### ‘Selling coffee beans to Starbucks’ — how the AI boom could leave AI’s biggest companies behind
The AI revolution is here, and at its heart are the giants investing billions to develop powerful foundational models and the infrastructure to run them. These companies, the creators of the cutting-edge “brains” of tomorrow, seem poised to dominate. Yet, an intriguing parallel to the coffee industry suggests a different future: they might become the digital equivalent of coffee bean suppliers, while others capture the lion’s share of value by building the “Starbucks.”
Imagine the company that sells raw, high-quality coffee beans. Their product is essential, requiring significant investment in farming, processing, and logistics. But the brand that grinds those beans, brews them into a specific drink, creates an experience, and sells it directly to the customer – Starbucks – commands a vastly higher margin and brand loyalty.
In the AI landscape, the “coffee bean” producers are the developers of large language models, image generators, and the underlying cloud compute. They pour immense resources into R&D, data acquisition, and training, creating the raw intelligence that fuels the boom. Without their innovations, nothing else is possible.
However, the true value capture might increasingly shift to the “Starbucks” companies: those building specialized, user-facing applications on top of these foundational models. These are the firms integrating AI into specific workflows, creating niche solutions for particular industries, or developing consumer products that solve precise problems. They brand these solutions, own the customer relationship, and provide the tailored “experience.”

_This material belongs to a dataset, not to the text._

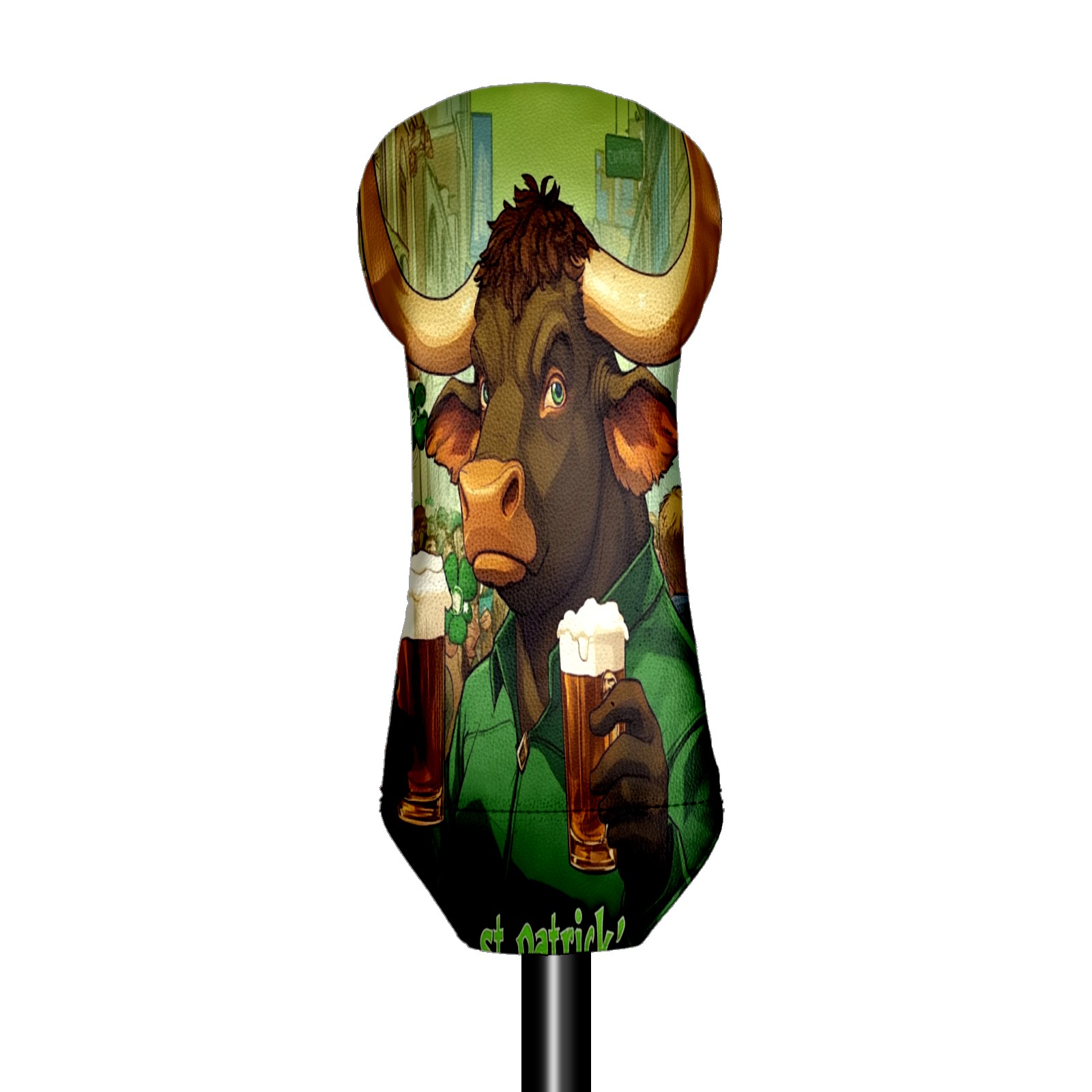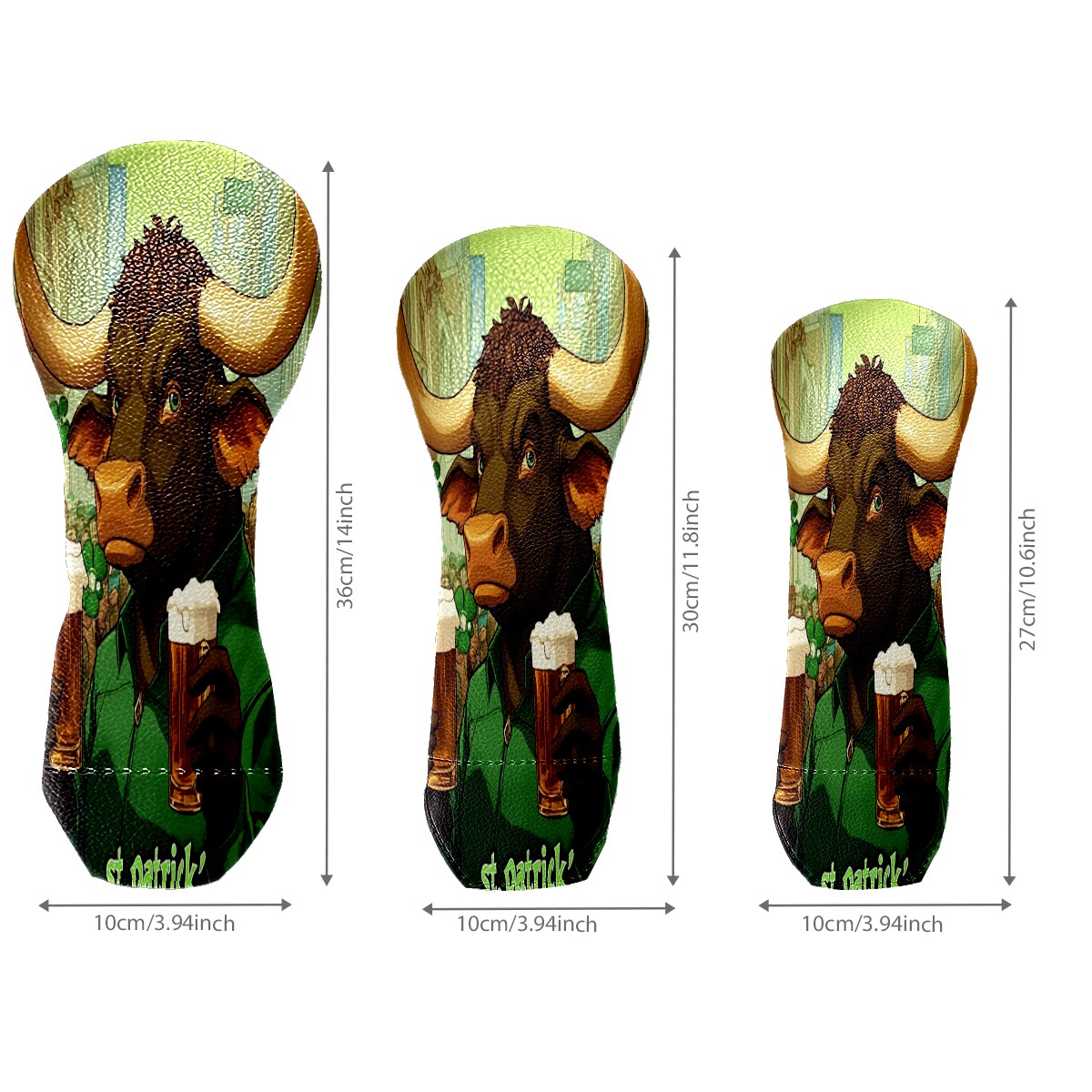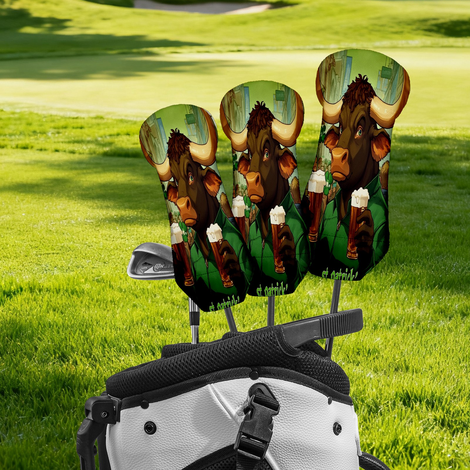 Golf Head Cover Waterproof Leather Headcovers for Driver Golf Accessories Golf Christmas Gift for Golfers 1/3/5 Hybrid Fairway Wood Cover Dark Bull Patrick's Day Design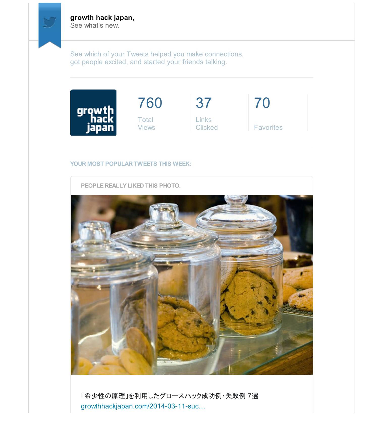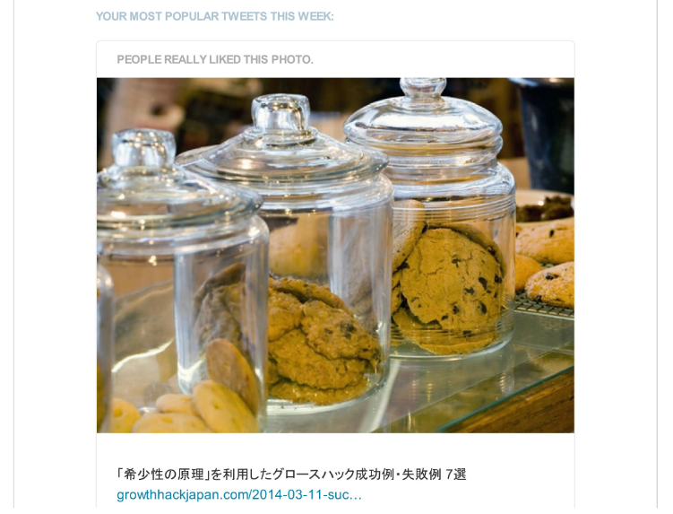 その下には、「YOUR MOST POPULAR TWEETS THIS WEEK:」=「今週最も人気のあったあなたのツイート:」の文字と、「PEOPLE REALLY LIKED THIS PHOTO」=「ユーザーが最も気に入った写真」という画像のキャプチャーが。

As foundational models become more powerful and, crucially, more accessible (through APIs, open-source alternatives, or even fine-tuned versions), the underlying intelligence itself risks commoditization. When multiple companies can offer similar levels of basic AI capabilities, the differentiator shifts from the raw “beans” to the refined “coffee.” The application layer, with its focus on user experience, unique integrations, and specialized problem-solving, can command premium pricing and build defensible moats.
While the foundational AI companies are indispensable, their ultimate challenge will be to avoid becoming solely a utility provider. Without strategic moves into the application layer or innovative value capture models beyond mere API access, they risk watching others transform their expensive, complex “beans” into highly profitable, branded “coffees,” leaving the originators with the essential but potentially less lucrative role in the AI supply chain.